While observing this fawn in the sky, I realized that, over the past two days, I was finally coming to grips with the fact that Daisy’s little buck, Rowdy, would not be coming back. Blindly, I had hoped that somehow he had just run off too far to find his way home, or that maybe he was nearby, but was injured and recuperating, and would soon recover to show back up with Daisy and Spirit one day. More than a week had passed since the attack by what we believe to have been a bobcat. Daisy survived a brutal fight, but we never saw Rowdy after that day, nor did we found any signs of where the attack had taken place.
Daisy’s wounds were scabbed over by now, and her hair was beginning to grow back in the large, bald spots where the bobcat had clawed it out. The bruising remained and Daisy still showed a slight limp, but she was healing nicely. Finally giving up her ardent search for her little buck a few days ago, she no longer mooed around constantly, or took long moments to investigate areas where Rowdy’s scent had lingered. The recent rains had washed away any traces of Rowdy, and Daisy had moved on, with her attention now solely focused on the care of her doe fawn, Spirit.
Daisy was not alone in her despair for her boy during those first few days, for I had suffered too. It was not easy to watch my girl spend the better part of a week searching for Rowdy. And it was terrifying to think that, after a year of Daisy wandering the woods, and beyond to the river, a mere bobcat – typically known for targeting small mammals and birds like rabbits and quail – could inflict these kinds of wounds on a full-grown deer. Ever since the attack, I had trouble sleeping at night for worrying about Daisy and Spirit – and Rowdy. Now, in my mind, the woodlands seemed to be a horrific place, no longer feeling safe and beautiful, as it had once been to me.
I did not necessarily need to see “signs” that it was time to move on, but today, it seemed that maybe Mother Nature thought it was time to give me a nudge anyway. For, early this morning, I had seen my friend the vulture, flying high above the woodlands. I am convinced the vulture is my animal totem, bringing to me the all-important message to “glide and soar”, and to leave the carcass of troubles behind. Also, I had witnessed Daisy playing with Spirit just below the slope around mid-morning and noticed how Daisy seemed so carefree, like she was when she was a young fawn herself. Daisy and Spirit gamboled and tossed heads together, having a good ol’ time, just like Rowdy had done with Spirit. Recalling this scene and observing the little fawn image in the clouds now, I smiled… it was a sign to me that wherever Rowdy was, and whatever had happened, it was beyond my control. It suddenly felt “ok” to continue to hope for a miracle, but it also felt “ok” to move on. As I pondered the amazing comfort that seemed to come over me from seeing the fawn shape in that simple mass of water droplets, I noticed Jimmy Buffet’s voice coming over the outdoor speakers – crooning the words to his song, “Breathe In, Breathe Out, Move On”.

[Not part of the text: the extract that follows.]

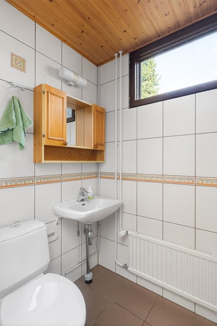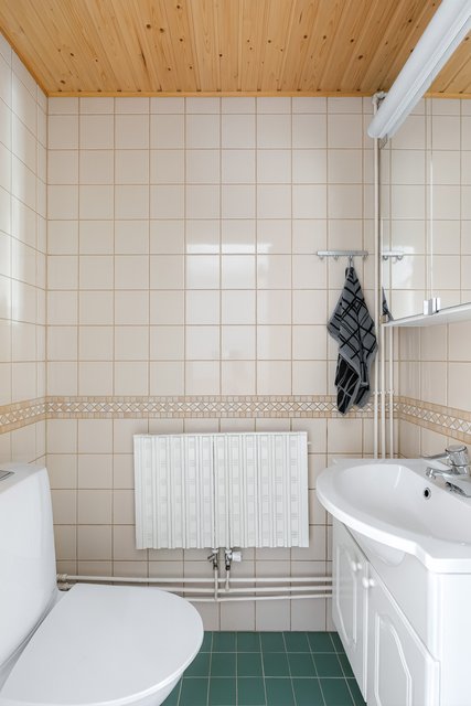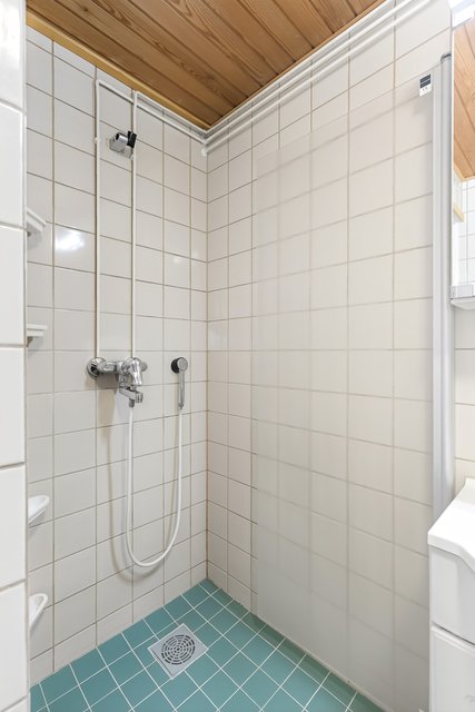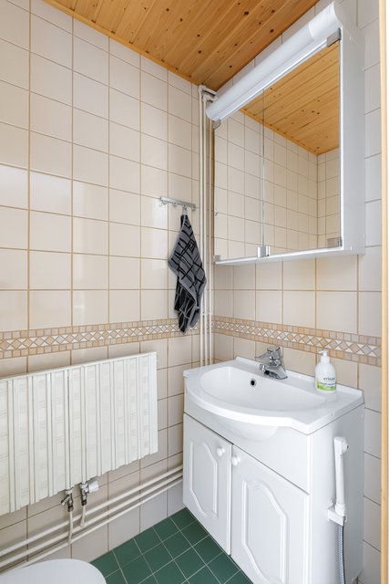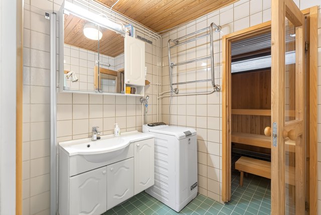 - Yläkerrassa pesutila, jonka varusteisiin kuuluu: suihku, kääntyvä suihkuseinä, peilikaappi, allaskaapisto, pyyhekuivain, pesukoneliitäntä Seinät: kaakeli Lattia: laatta

Sometimes, my friends, messages are all around us and come in many forms – if we can only recognize them. But, answers to the questions we have about life, are not always apparent. Tragedy, difficulty and struggle can come suddenly and leave us shattered. Yet, there is a resilient side to Mother Nature, and to human nature. Watching Daisy at play with Spirit, I knew I could not continue to lick the wounds of my sadness. I knew this day had presented to me a sign that it was time to move past what I thought to be a tragedy, and to be joyful of the good that was happening before me now. It was obvious that Daisy was focused on the present, and if she could move on after losing little Rowdy, then I could too.